Mr. Alix, who has been in semi-retirement for several years, founded the Detroit-based turnaround and advisory firm AlixPartners and worked with GM on a number of high-profile cases in the 1990s, such as National Car Rental.
Evercore has been advising GM for many months, including on the failed merger with Chrysler LLC. Blackstone is focusing on GM’s multi-billion-dollar voluntary employee beneficiary association plan.
Legal fees alone for this bankruptcy filing will be in the billions of dollars. Unemployment benefits for all of those autoworkers won’t be cheap. With the credit markets in the state they’re in, nobody will be able to lend GM debtor in possession financing, so that will fall to the Federal government to lend, and it will be way more than the $14 billion on the table this week, and collectively – if all three go down – it will be more than the $34 billion they asked for last week.
From a car guy standpoint, we can probably forget about seeing fun cars like the Solstice, Camaro, and Corvette for a number of years. How on earth would GM be able to spend multiple millions launching the Camaro – which as a pretty dubious business case, if they need to sell 100,000 units to break even – when GM is doing things like cutting back on nightly garbage collection at workstations? Under the stewardship of a bankruptcy judge, GM won’t be able to roll out products based on emotion or nostalgia – it will be based on nothing but the business case. I’d say that in spite of the three quarters of a billion dollars already spent on the Chevy Volt program that it now faces an even more uphill climb to reach the market, because how can a company fighting for its very survival afford to produce a car that’s guaranteed to lose money from day one?
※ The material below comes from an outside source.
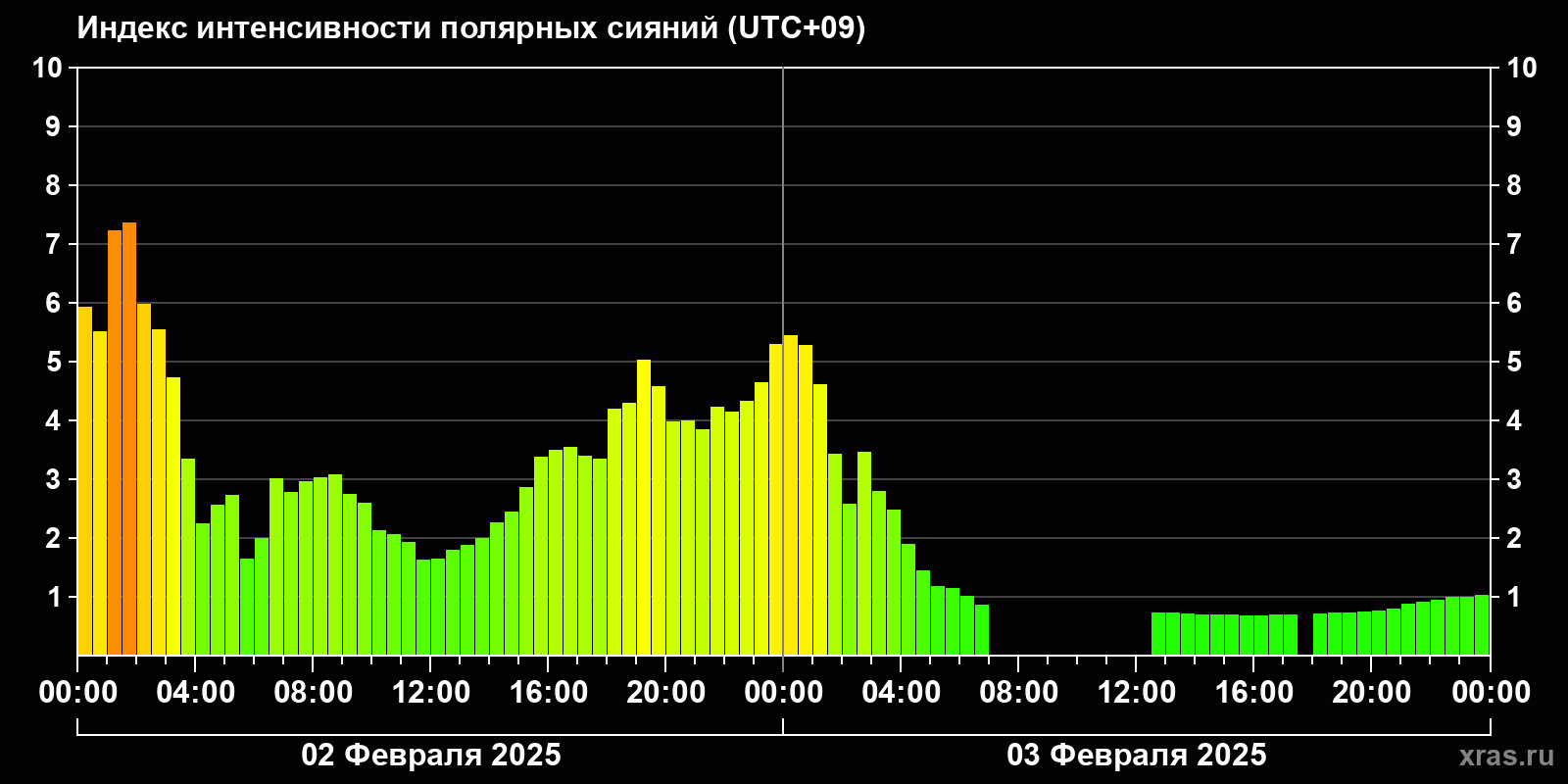 Изменения индекса интенсивности полярных сияний с 2025-02-02 по 2025-02-03 по местному времени

I really hope that the “ahh, let ’em fail” attitude that prevailed prior to the Lehman Brothers bankruptcy (and is now tinged with regret in most corners of the market for what it did to the economy, by the way) isn’t the same thing that happens when GM and Chrysler go belly up. And when their suppliers go bankrupt and can’t build parts for Ford, guess who’s next in line for Chapter 11? This will be an ugly day all around.